• _How to complete this task_: Look below for the line containing "2021 青春無懼 未來我行"; write out that line and each one after it to the end, exactly, and nothing else.

• _Information shown_:
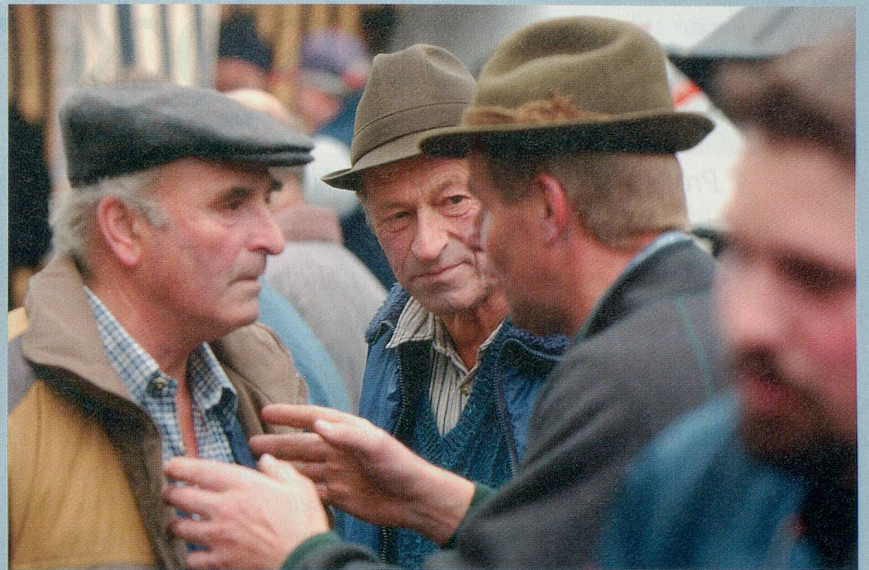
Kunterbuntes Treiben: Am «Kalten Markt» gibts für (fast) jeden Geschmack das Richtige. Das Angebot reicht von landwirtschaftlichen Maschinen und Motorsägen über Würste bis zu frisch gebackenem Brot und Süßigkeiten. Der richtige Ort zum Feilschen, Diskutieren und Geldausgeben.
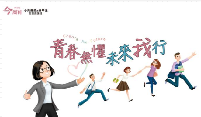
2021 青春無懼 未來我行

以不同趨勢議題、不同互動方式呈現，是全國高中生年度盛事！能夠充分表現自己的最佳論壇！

• _Solution below_:
2021 青春無懼 未來我行

以不同趨勢議題、不同互動方式呈現，是全國高中生年度盛事！能夠充分表現自己的最佳論壇！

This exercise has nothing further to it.